Por Maria Clara Trajano/JC
Antes conhecida como o grande polo de compras da capital pernambucana, a Rua Imperatriz Teresa Cristina hoje estampa um cenário desolador.
Onde antes mal se conseguia transitar devido à multidão, o que se vê agora é um corredor esvaziado, marcado por imóveis de portas fechadas, andares superiores desocupados e fachadas que evidenciam o abandono da região central.
“Antigamente, o movimento por aqui era imenso; a gente quase não conseguia transitar durante o dia, principalmente em épocas de festa, de tão importante que essa rua era para o centro da cidade”, relembra o aposentado Carlos de Vasconcelos.
O colapso do comércio diurno e a insegurança
A deterioração estética e comercial não aconteceu da noite para o dia. O comerciante Josemir Dias, que atua na via há 47 anos, lembra que o declínio começou quase uma década antes da pandemia.
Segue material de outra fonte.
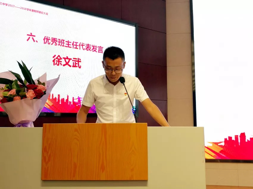 徐文武老師作為功勛班主任代表,作了題為《著力打造班級競爭的軟實力》的發(fā)言,交流自己班級管理的經驗,介紹具體做法,從中可見他管班煞費苦心,把細節(jié)做到極致,高考中班級取得優(yōu)異成績。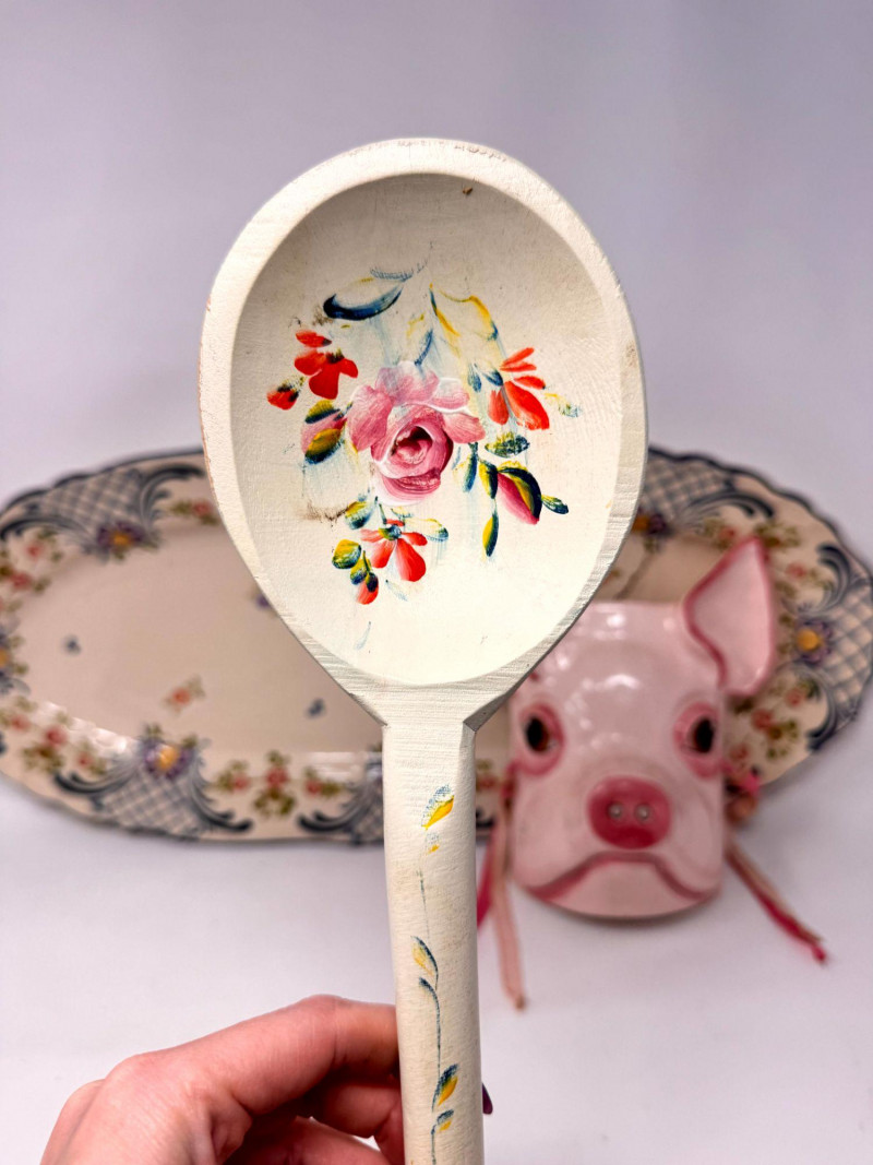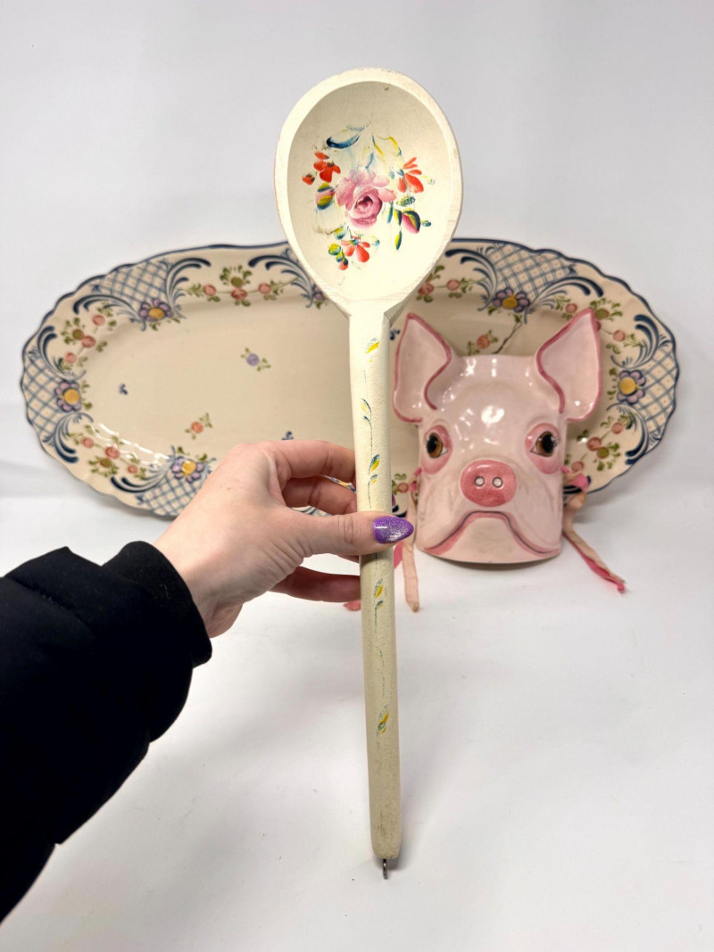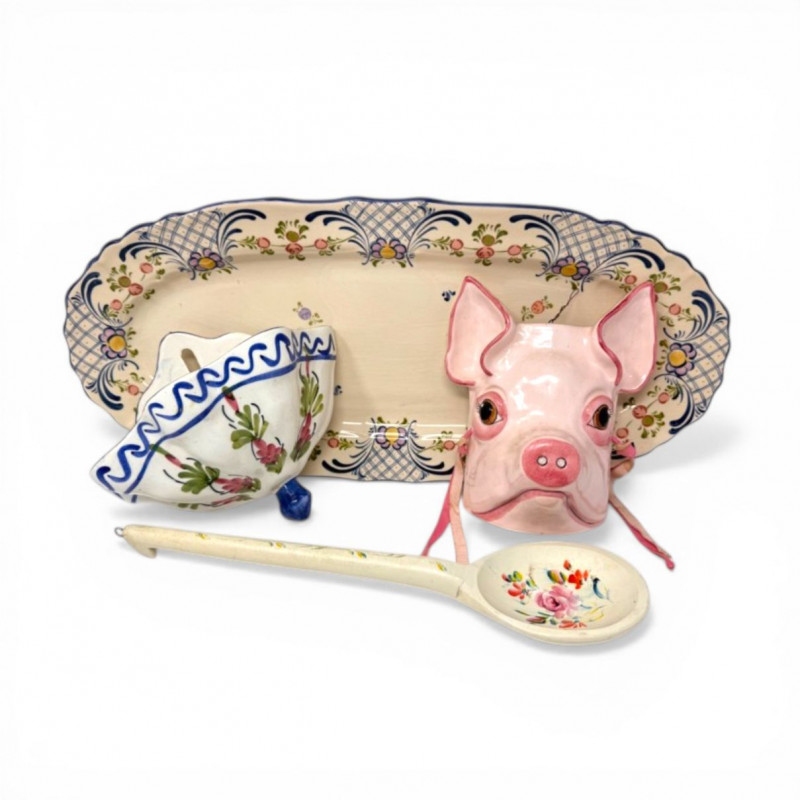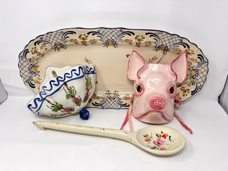 Antique Serving Platter, Andrea West Pig Wall Mask, Planter, & Spoon.

“Naquela época, a Imperatriz era um espetáculo de gente; era tanta gente que as pessoas tinham até dificuldade de transitar pela rua. Todo mundo queria alugar um ponto, havia disputa e ganância pelos lugares, porque todo mundo ganhava dinheiro aqui. Era uma rua espetacular, mas hoje ela se encontra nessa calamidade de falta de pessoas”, relata.
“Quando eu era jovem, eu via essa rua aqui como uma maravilha, sabe? Era tudo muito movimentado. Mas, infelizmente, hoje ela está entregue às baratas. O que a gente vê agora é o comércio fechando as portas; o comércio de rua está acabando e a Rua Imperatriz está ficando cada vez mais vazia, sem lojas. Infelizmente, não existe mais aquele movimento de antes aqui nesta rua; é essa a realidade que eu vejo hoje”, explica Norma Silva, frequentadora da região.
A sensação de insegurança, o avanço do comércio ambulante e a falta de policiamento sistemático afastaram a clientela que antes lotava a via.
“É uma junção de vários problemas que afetam o comércio, começando pela falta de clientes, que deixam de vir para o centro por causa da falta de segurança e de policiamento, que é algo raro de se ver por aqui. Além disso, as paradas de ônibus ficam muito distantes e o próprio comércio nos bairros acaba segurando o pessoal por lá”, observa o segurança patrimonial Paulo Alexandre.
“Agora, quando começa a escurecer, o povo se recolhe”, lamenta Jackson Porfírio, atendente da Padaria Imperatriz, que funciona há 129 anos no endereço.
Resistência centenária
Apesar do cenário hostil, há quem resista. A tradicional padaria da rua, que já acumula mais de um século de história no coração do Recife, é um símbolo dessa teimosia comercial.
Jackson lembra de um passado recente em que o estabelecimento ficava intransitável. “A padaria vivia tão cheia que não tinha nem lugar para sentar; as pessoas ficavam em pé, com a nota fiscal na mão, esperando por uma oportunidade para lanchar porque a comida era muito boa”, conta.
Hoje, o movimento é classificado por ele como precário, impulsionado quase exclusivamente por eventos esporádicos no centro.
Novas perspectivas com a vida noturna
Enquanto o comércio diurno tradicional de roupas e utilidades domésticas míngua, a vida noturna surge como uma aposta isolada. O empreendedor Bruno Barros decidiu abrir o Conchittas Bar no local, enxergando uma infraestrutura propícia: rua calçada, pontos comerciais disponíveis e ausência de residências nas proximidades para não gerar conflitos com o barulho.
“Para o futuro, enxergo a Imperatriz como a grande ‘rua dos bares’ de Pernambuco. Imagino bares tocando jazz, frevo e, claro, o brega, já que somos a capital do gênero, além de samba e forró”, projeta Bruno.
A iniciativa, no entanto, divide opiniões entre os veteranos da via. Para o comerciante Elias Beltrão, a operação noturna não traz alívio para o lojista do dia a dia.
“Não notamos um impacto real na movimentação do comércio ou na atração de pessoas para a rua durante o dia; esse não é o tipo de atrativo que a Imperatriz precisa, pois para o comércio normal não mudou nada”, argumenta.